Après l’arrêt de HiAnime, les détenteurs de droits recrutent le public pour exposer le piratage

Suite à la récente fermeture de HiAnime, l’écosystème du streaming piraté semble destiné à subir des changements majeurs alors que de nouvelles initiatives visant à impliquer directement le public dans la traque de réseaux illégaux similaires ont émergé.
La société tchèque anti-piratage Warezio a lancé une plateforme, Online Hunter, invitant le public à trouver et signaler des liens vers du contenu piraté. Selon TorrentFreak, cette plateforme permet aux internautes ordinaires d’agir en tant que chasseurs de piraterie en signalant des liens illégaux vers des films, séries ou événements en direct sur divers réseaux sociaux, dont X (anciennement Twitter), Discord, Facebook, Instagram, Reddit, TikTok, YouTube et Telegram.

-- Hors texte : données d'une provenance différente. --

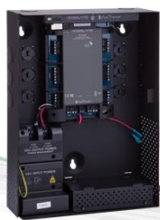
ME-1015 with AC-215IP-DIN

Secure Power Management Enclosure for AC-215x, AC-225x, and AC-425x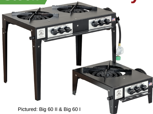
Pictured: Big 60 II & Big 60 I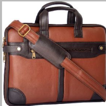
Airleather Laptop Messenger Bags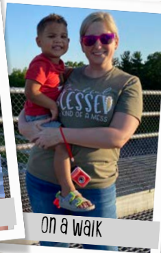
On a walk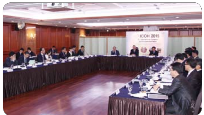
NSC members are sharing their ideas on better preparation on ICOH 2015 Congress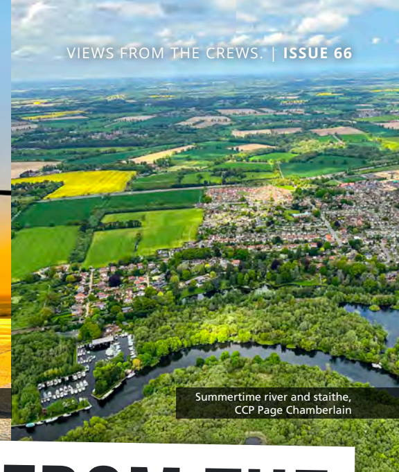
Summertime river and staithe, CCP Page Chamberlain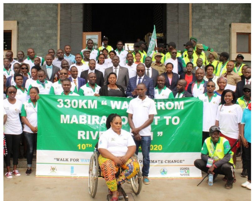
Walkers at Parliament in March 2020 (before COVID-19)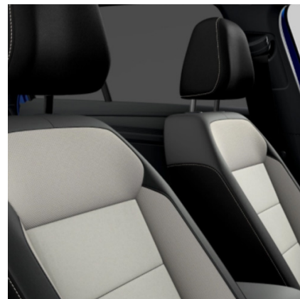
"Deep Iron Grey" ArtVelours cloth Storm Grey (XI) Standard on Style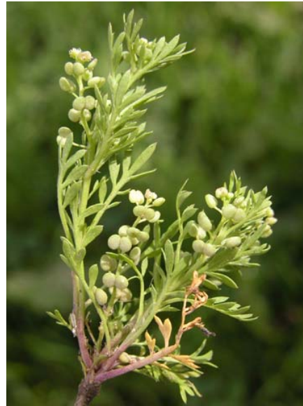
Coronopus didymus Wart Cress Introduced Annual Brassicaceae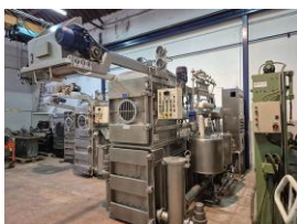
Reference: AV7-003 JET ATMOSPHERIC 100kg Year: 1999 Brand: COMIX Width: .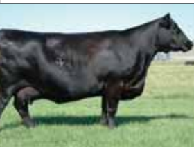
Coleman Blackbird 116, dam of Lot 10 & 11.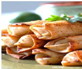
Chili Lime Nacho Mozzarella Sticks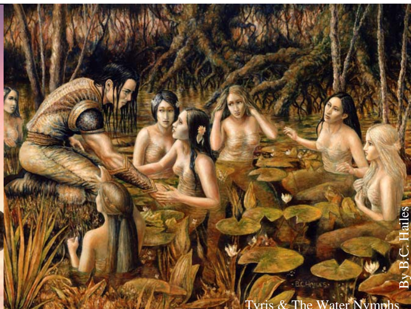
Tyris & The Water Nymphs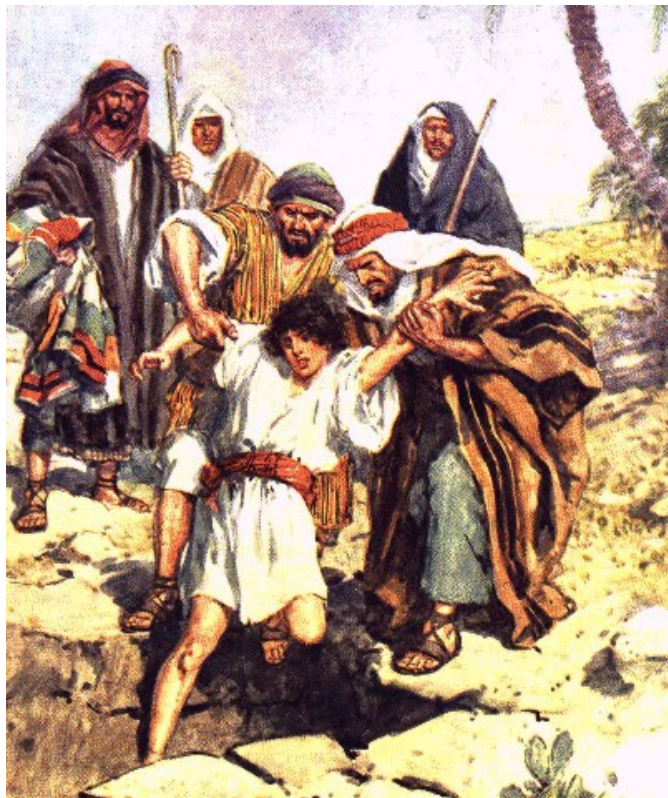
JOSEPH CAST INTO A PIT BY HIS BROTHERS (Genesis 37:24)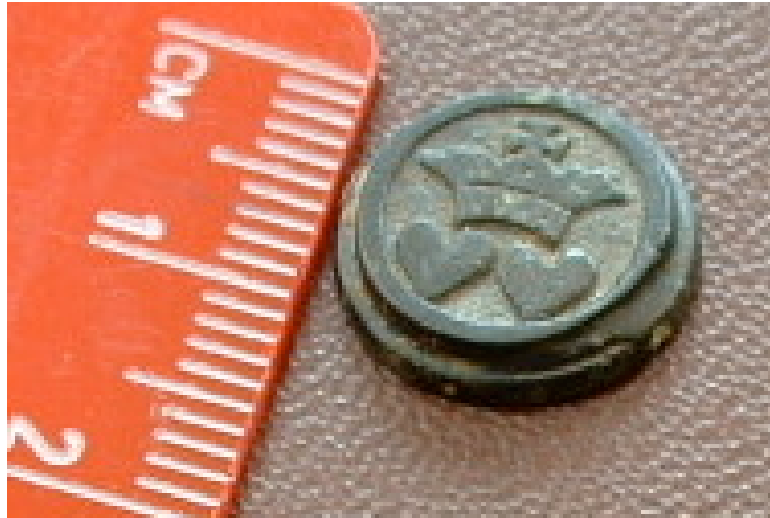
Fig.4 Cuff link button commemorating the Restoration of Charles II mid 17th century - see GBH2011 MD 16SA 3B above.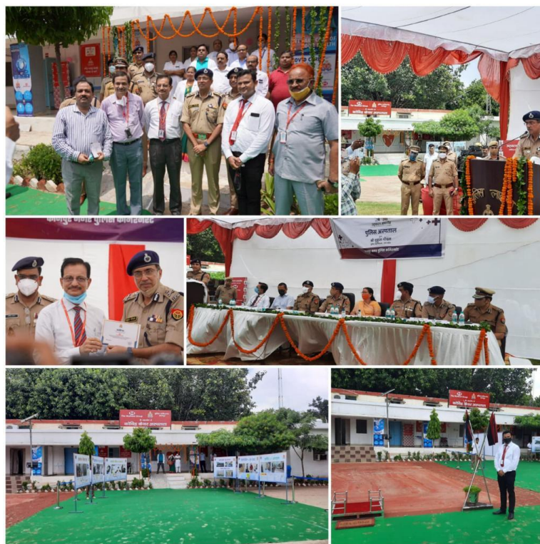
Sixteen Bedded Covid Police Hospital Kanpur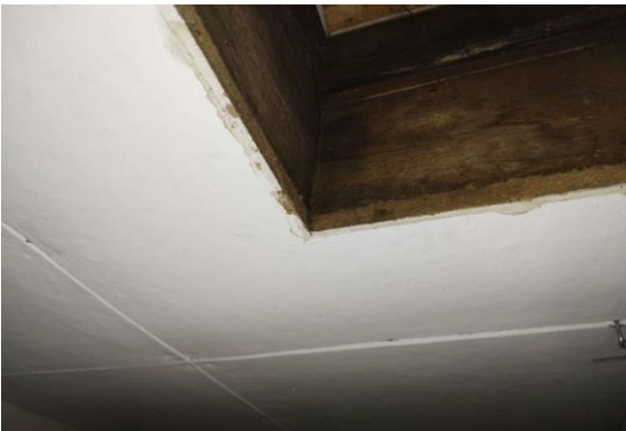
Item 20 Ref: 21-36876-1

The bitumen packers and residue around skylights in Girls Toilet (Area 5) does not contain asbestos.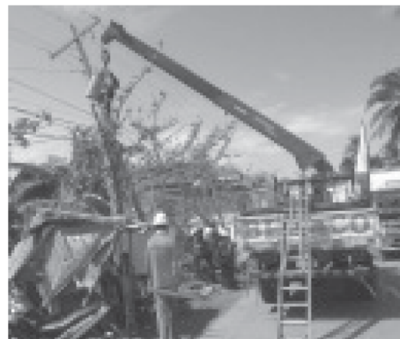
WORK MISSION - Beneco linesmen who volunteered for Capiz restore electricity by the seashore, the plains and foothills of the province reeling from the devastation wreaked by typhoon Yolanda

The vendors however failed to mention that Mayor Domogan earlier requested that alternative goods, or Christmas toys and other wares be considered in lieu of selling pyrotechnics. He has also asked that Paputok, Lucis atbp vendors join the bidding for the city-sponsored centralized air shows scheduled during the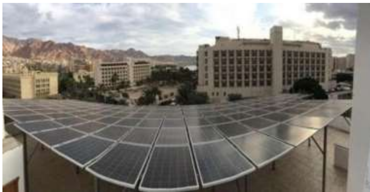
Solar Panels – NG Aqaba Building

In 2016 started to install solar panels in our offices at Aqaba, and in 2017 the solar panels went operational, covering approximately 75% of the electrical needs on our Aqaba building, and today, and in 2018 it's covering 100%.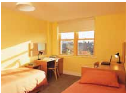
Twin room with study facilities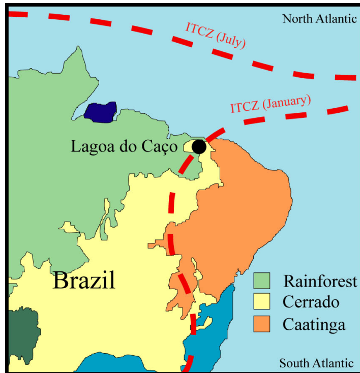
Figure 1: Location of Lagoa do Caço, present day position of the ITCZ during austral summer (January) and winter (July) and main ecosystems encountered in north-eastern Brazil.

The local present-day climate is tropical humid with pronounced seasonality. Precipitation, which annually reaches 1750mm on average, mostly occurs during the rainy season, from November to May. The mean annual temperature is 26°C. The vegetation in the watershed pertains to a large cerrado (shrub savannah) corridor inserted between the dry caatinga (savannah) ecosystem to the east and the rainforest to the west. Lagoa do Caço is therefore in a sensible position to track changes in vegetation distribution related to climate variations. Furthermore, this lake is located where the InterTropical Convergence Zone (ITCZ), that is the major control on precipitation distribution, presently enters the continent and shifts from its winter to summer position. The lake (ca. 2.5 km 2 surface area) occupies a former river valley within a dune field dating back to Pleistocene times. The maximum water depth is 10m during the wet season (austral summer) and 9m during the dry season (austral winter). The organic matter preserved in the sediments is mainly terrestrial in origin as attested both by bulk and molecular analyses (Jacob, 2003; Jacob et al., 2004a; Jacob et al. 2004b; Jacob et al., submitted).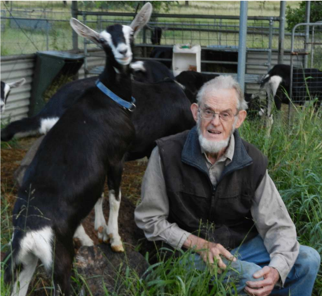
This is “Bella” talking to Rouseabout.

Our goats are very productive – we get all our own milk, cream, whipped cream, butter, cheese and kefir from them. They are easily trained and lovable. They do not climb fences, and are clean and fastidious in habits. Both healthy, CAE accredited, pure bred British Alpine. Neither goat has ever had any chemical drenches, anti-biotics or wormers, but they do get minerals, and a varied diet of sprouted grain, fresh carrots, hay and goat pellets.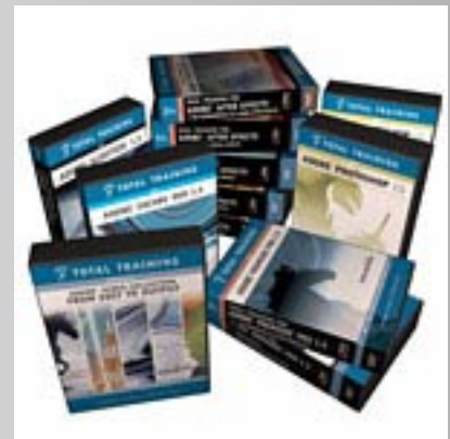
Image from the Total Training web site.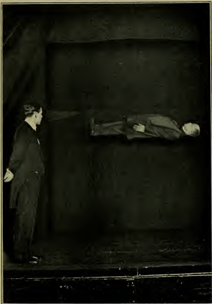
"SPIRIT LEVITATION," PHOTOGRAPHED UNDER "TEST CONDITIONS" IN SPRINGFIELD, MASS. (SEE APPENDIX V)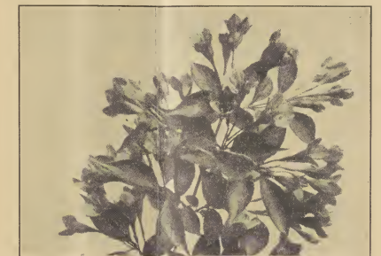
RECOMMEND FOR THE MIDDLE ROW OF FOUNDATIONS

12 to 15 in. .... $10 $90 15 to 18 in. .... 15 135

« L’objectif principal est de démasquer les groupes de piraterie, en particulier ceux qui opèrent sur des plateformes comme Discord, et qui sont autrement extrêmement difficiles à détecter. Comme beaucoup de ces communautés sont privées et restreintes à des cercles plus petits, une détection manuelle est quasi impossible », a déclaré Martin Šteso de l’organisation de MMA Oktagon MMA, actuellement le seul partenaire nommé d’Online Hunter.

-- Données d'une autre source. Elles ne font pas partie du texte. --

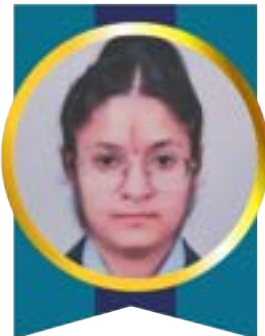
CHERRY (MBA) Axis Bank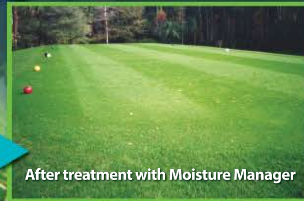
After treatment with Moisture Manager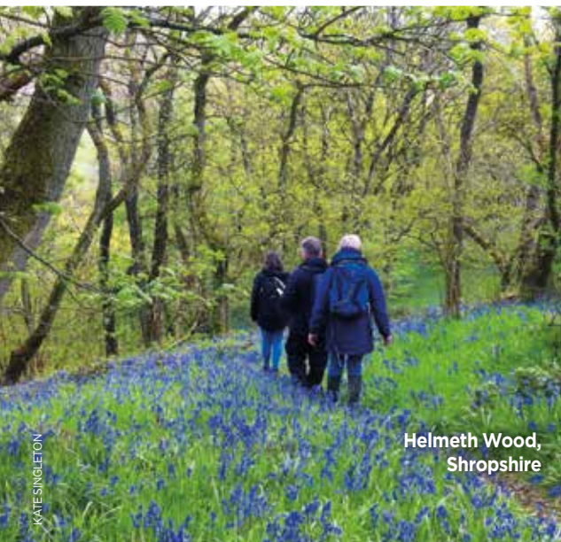
Helmeth Wood, Shropshire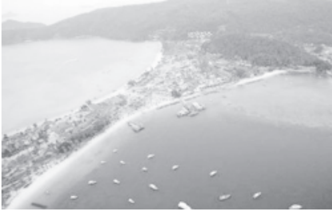
Aerial view of Thailand's Phi Phi Don Island nearly a year after Indian Ocean tsunami on 24 Dec, 2005, which killed 5,395 in Thailand. Thousands of locals and foreigners have started to gather in southern Thailand to commemorate the one year anniversary of the tsunami, which will take place on 26 Dec.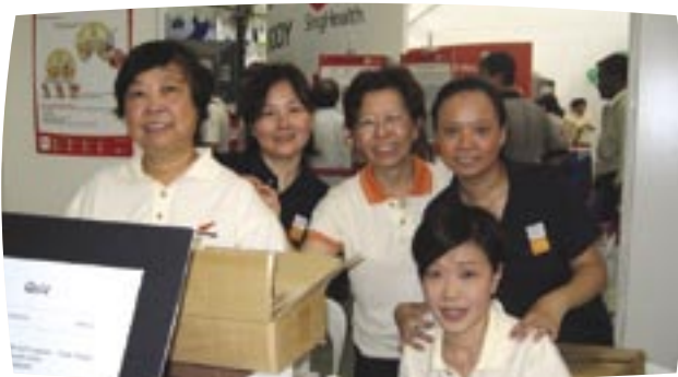
Gearing up for the public at the event.

Nurses from Nursing Admin put up posters to educate the public on stroke and epilepsy. 2 questions from each category were put across to the public to assess how much they know about the conditions. Most were able to give the correct answers. However, when it comes to management of seizures, many still believe wrongly that placing a spoon into the mouth will help the victim. Through the event, we understand better what is lacking in the public's knowledge about certain health concerns and the importance of creating public awareness in managing these conditions.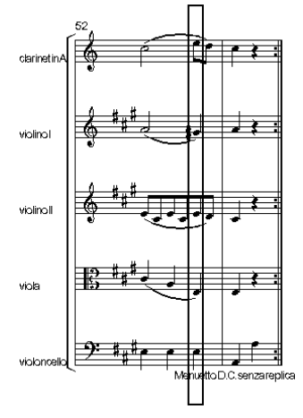
Figure 2. Ambiguous harmony. (Trio of the Clarinet Quintet by Mozart, KV 581)

Some ambiguities have to be resolved, since certain vertical aggregations are not "true harmony", as shown in the following example: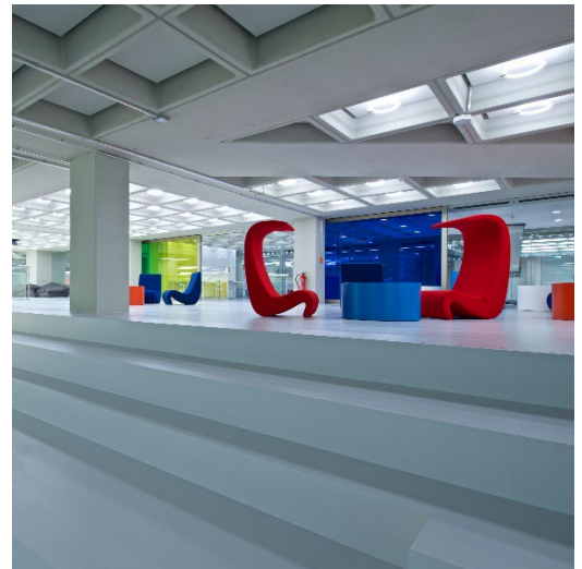
Our prize-winning library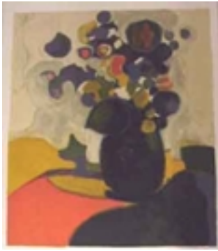
50-0427 Minaux, André. $525.00 Bouquet (Pour Fernand Mourlot). New York: Kennedy Graphics, 1969. Alan Wofsy Fine Arts, distribution. Lithograph. Printed in seven colors on BFK Rives paper. Image size: 22 x 18.8 inches, Paper size: 26 x 20 inches. Edition of 100. Handsigned and numbered by the artist.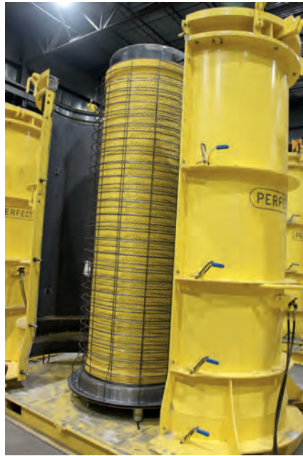
Fully prepared with liner and reinforcement cage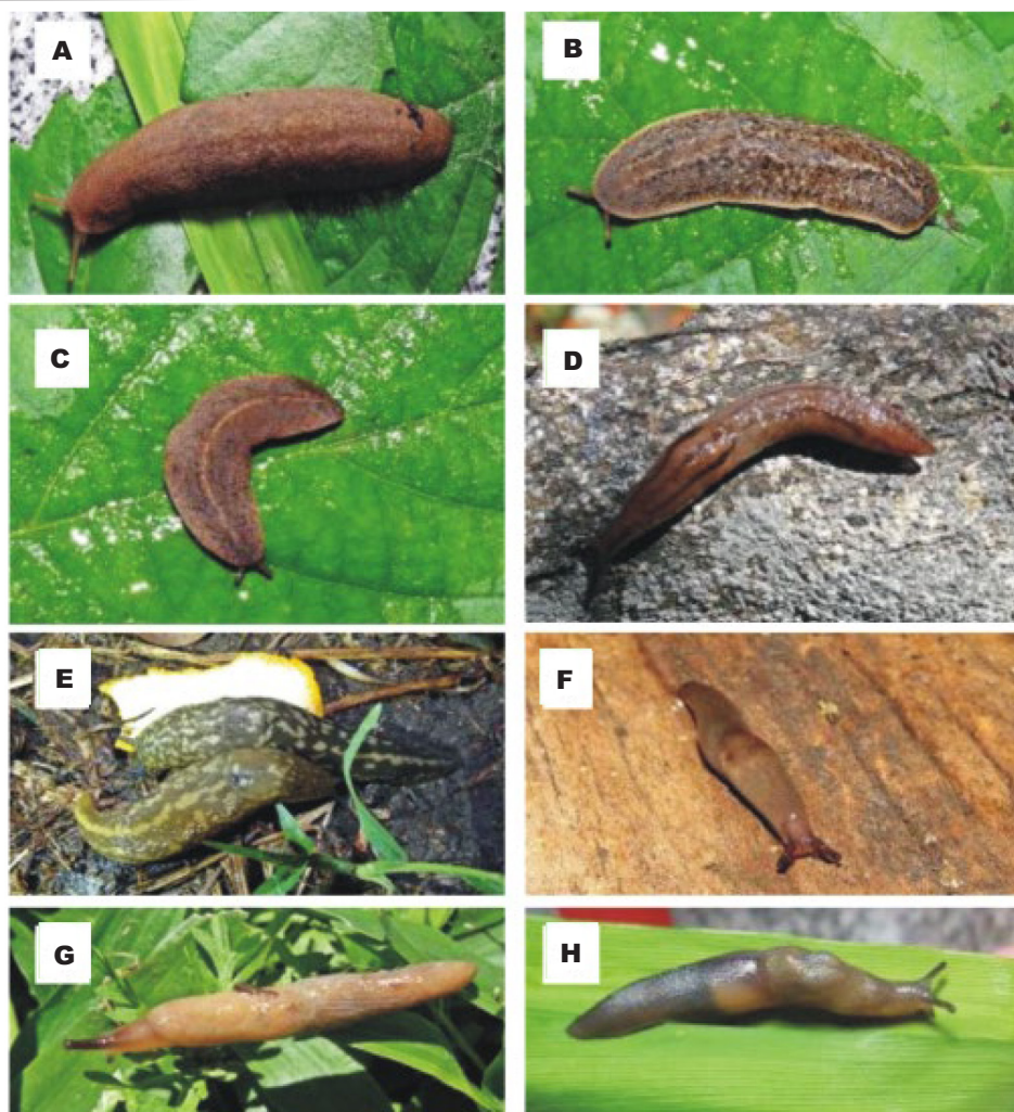
Fig. 2. Slugs recorded: A, Phyllocaulis variegatus ; B, Phyllocaulis soleiformis ; C, Belocaulus angustipes ; D, Ambigolimax valentianus ; E, Limacus flavus ; F, Deroceras laeve ; G, Deroceras reticulatum ; H, Milax gagates .

Fig. 2. Babosas registradas: A, Phyllocaulis variegatus ; B, Phyllocaulis soleiformis ; C, Belocaulus angustipes ; D, Ambigolimax valentianus ; E, Limacus flavus ; F, Deroceras laeve ; G, Deroceras reticulatum ; H, Milax gagates .

La société anti-piratage ‘Online Hunter’ fait appel aux internautes pour supprimer du contenu illégal

Actuellement, Online Hunter opère principalement en Europe de l’Est et centrale, avec une expansion prévue vers l’Europe de l’Ouest prochainement. Cette approche participative offre une nouvelle voie potentielle pour les ayants droit de l’anime et du manga japonais, qui cherchent en permanence des méthodes efficaces pour lutter contre le piratage, un fléau qui saigne l’industrie à blanc.
Malgré la fermeture récente de HiAnime, un message sur le serveur Discord officiel du site indiquait que le site serait bientôt de retour. Une tendance courante pour les sites de piratage, dont beaucoup se contentent de passer par un processus de rebranding avant de revenir sur le marché. Même avec des mesures comme le blocage dynamique mises en place, les entreprises d’anime et de manga restent souvent à la traîne face aux diffuseurs illégaux, jouant constamment un jeu de rattrapage. C’est pourquoi les ayants droit pourraient voir un avantage à recruter le public.

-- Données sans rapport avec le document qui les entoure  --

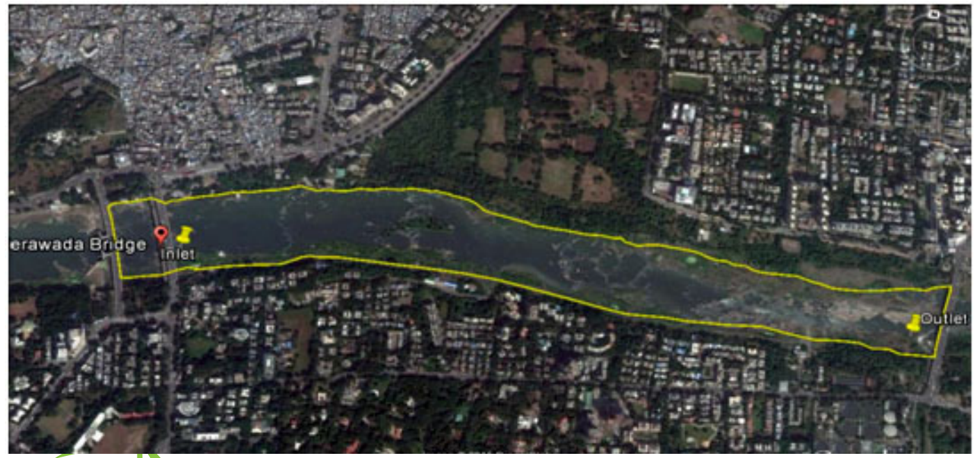
Figure – 1: Google Earth image showing the study area from Yerwada bridge to Kalyani nagar bridge

INKING INNOVATIONS ISBN : 978-93-85311-04- 8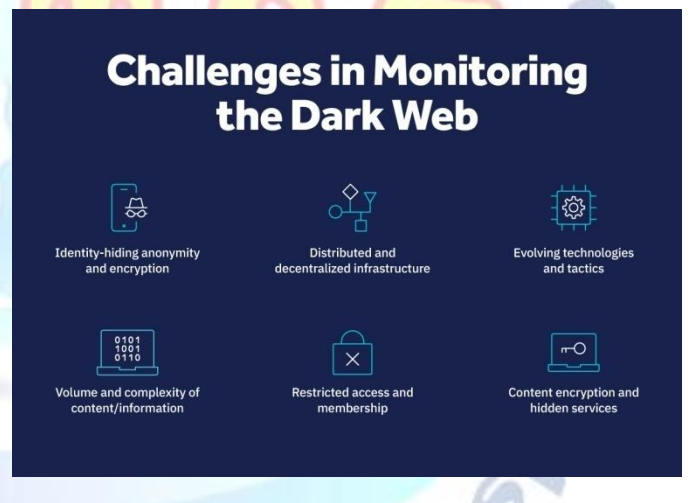
Fig 2: challenges Dark Web Monitoring

monitoring. Analysis of user-generated content on dark web forums, discussion boards, and marketplaces to understand trends in illicit activities and underground communities [4]. Examination of user perceptions of privacy, security, and anonymity on the dark web, including their trust in darknet markets and encrypted communication channels.Investigation of user engagement with dark web monitoring tools and services, including their preferences for features, interfaces, and data visualization techniques [5]. Legal and Regulatory Frameworks for Dark Web Monitoring: A Global Perspective Sarah Garcia Overview of international laws, treaties, and conventions relevant to dark web monitoring and cybersecurity [7].Comparative analysis of legal frameworks in different jurisdictions regarding data collection, surveillance, and evidence gathering on the dark web.Examination of court rulings and legislative debates shaping the legality and scope of dark web monitoring activities by government agencies and private entities [6].

Les utilisateurs promettent des récompenses Netflix et HBO pour dénoncer les sites de piratage

Le portail Online Hunter incite ses utilisateurs en attribuant plus de points pour les nouveaux liens de streaming illégaux découverts, tandis que les contenus déjà signalés rapportent moins de points. Avec un nombre suffisant de points validés, les utilisateurs peuvent acheter des bons pour des services de streaming légaux comme Netflix, HBO Max et Oktagon MMA. Non seulement ce modèle promeut les sources de visionnage officielles, mais il augmente aussi les chances de découvrir des réseaux de piratage fermés et inconnus.
Bien que l’idée de recourir à la participation collective pour renforcer la lutte anti-piratage puisse séduire les ayants droit, il reste à voir si les fans d’anime et de manga adhéreront à un modèle qui les incite à renoncer volontairement à leurs moyens de consommer du contenu de manière illégale. Les raisons du piratage varient largement parmi les utilisateurs, avec des préoccupations majeures telles que l’indisponibilité légale de certains contenus dans certaines régions en raison de droits de diffusion très fragmentés.
De plus, les politiques controversées des entreprises et les dégradations de service ont de plus en plus éloigné la base d’utilisateurs des principales plateformes légales. Les récentes critiques envers Crunchyroll ont mis en lumière les frustrations des utilisateurs concernant des problèmes tels que l’utilisation rapportée de l’IA pour les sous-titres, la suppression des commentaires sur l’ensemble du site et l’arrêt des initiatives communautaires comme le programme de prêt de bibliothèque.
Néanmoins, avec les efforts des sociétés anti-piratage pour accroître la coopération des utilisateurs, l’écosystème global du piratage est indéniablement sur le point de changer.